EXHAUSTED AS HELL!
I honestly don't know how much longer I can keep doing this.
I'm exhausted. I'm frustrated. I feel like I'm constantly walking on eggshells because of the way my manager operates.
Everything feels controlled. Every interaction feels like it's being watched. Every question turns into an interrogation instead of a conversation. Instead of trusting employees to do their jobs, there's constant micromanagement, constant correction, and a need to be involved in everything, even when there isn't actually a problem.
The communication style is unnecessarily harsh and demanding. It often feels like the default approach is criticism instead of collaboration. Rather than creating a workplace where people feel comfortable asking questions or solving problems, it creates an environment where people become afraid to speak up because they expect to be criticized.
The expectations also feel inconsistent. What is expected in one situation doesn't always seem to be the expectation in another. That uncertainty makes it incredibly difficult to know where you stand or whether you're meeting expectations.
One of the hardest parts has been how this has affected my relationships at work. Instead of feeling like I'm part of a team, I increasingly feel isolated. Interactions with coworkers have changed over time, and it's hard not to feel that the overall environment has contributed to that. Whether intentional or not, it leaves me feeling unsupported and alone.
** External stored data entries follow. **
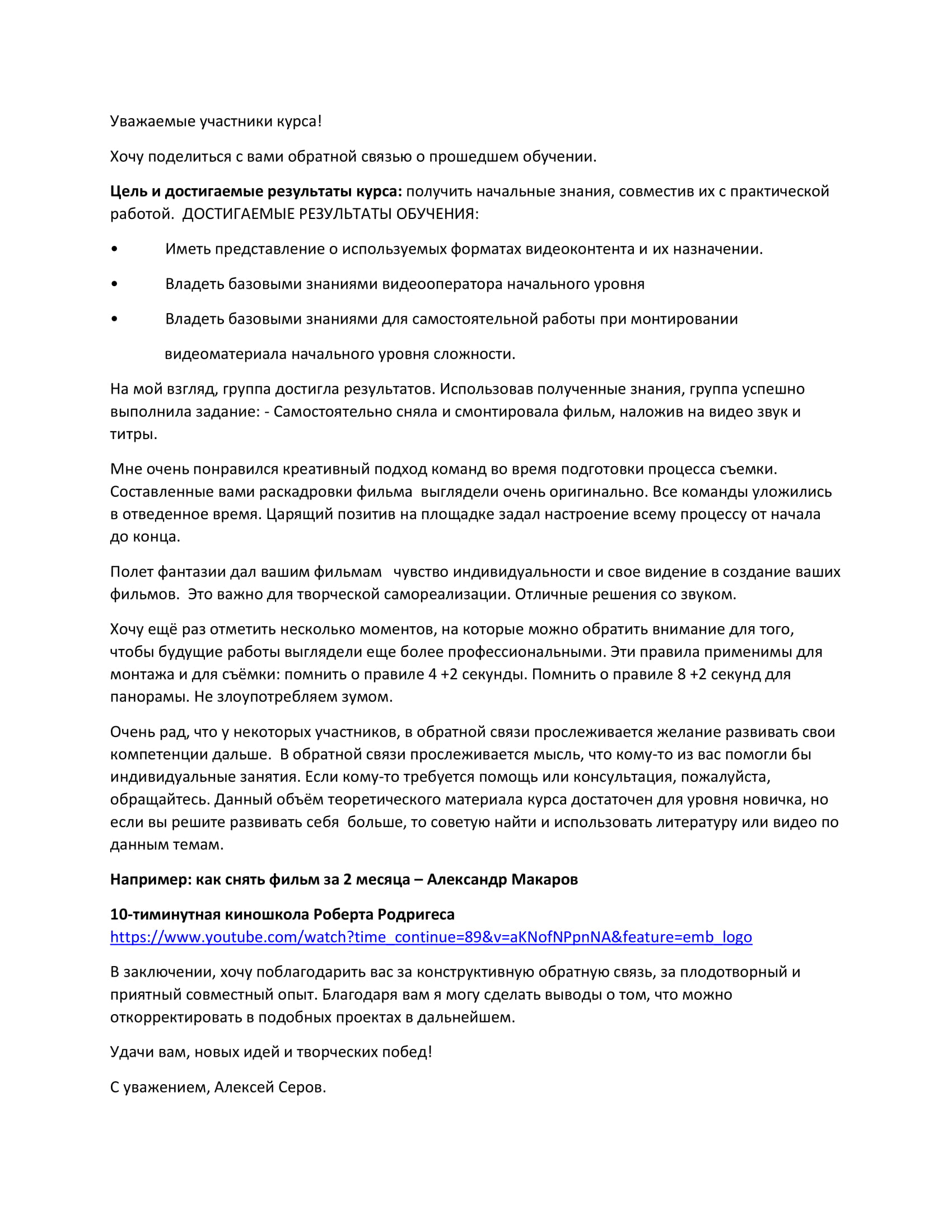 Наглядный пример, для участников. Учебный фильм снятый мною в качестве мастер класса во время практического занятия в первый день курса. Фильм был показан во второй день перед началом практической работы по монтажу.
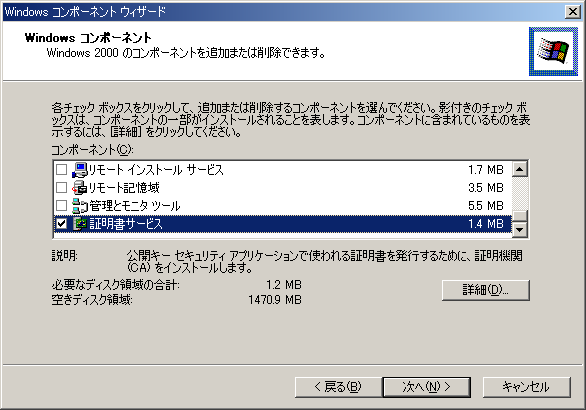 4. [証明書サービス]にチェックを入れます。
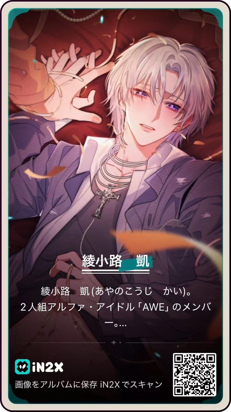 今回の提携により、物語の中心人物である「綾小路凱(あやのこうじ・かい」がiN2X内に登場。ユーザーはまるで彼と“つながっている”かのような、リアルタイムでのコミュニケーション体験や特別ストーリーイベントを楽しむことができます

The worst part is what it does to your confidence. You start questioning yourself over every little thing. You replay conversations in your head. You second-guess decisions you never used to second-guess. You spend more energy trying to avoid being criticized than actually focusing on your work.
A manager has a huge influence on the culture of a workplace. A good manager builds trust, encourages people to think, and creates psychological safety. A poor management style can have the opposite effect. It drains confidence, increases stress, and turns even simple tasks into sources of anxiety.
I'm trying really hard to move into another position because I don't think this environment is sustainable for me anymore. I've applied for numerous roles, but I haven't been getting interviews, and it's becoming incredibly discouraging. After everything that's happened, I sometimes find myself wondering whether my current situation is affecting my ability to move on. I don't know if that's actually the case, but when you feel trapped in a difficult work environment for so long, it's hard not to question everything.
Right now, I just feel stuck. I want the opportunity to work somewhere I'm trusted, respected, and allowed to do my job without feeling like every interaction is another test.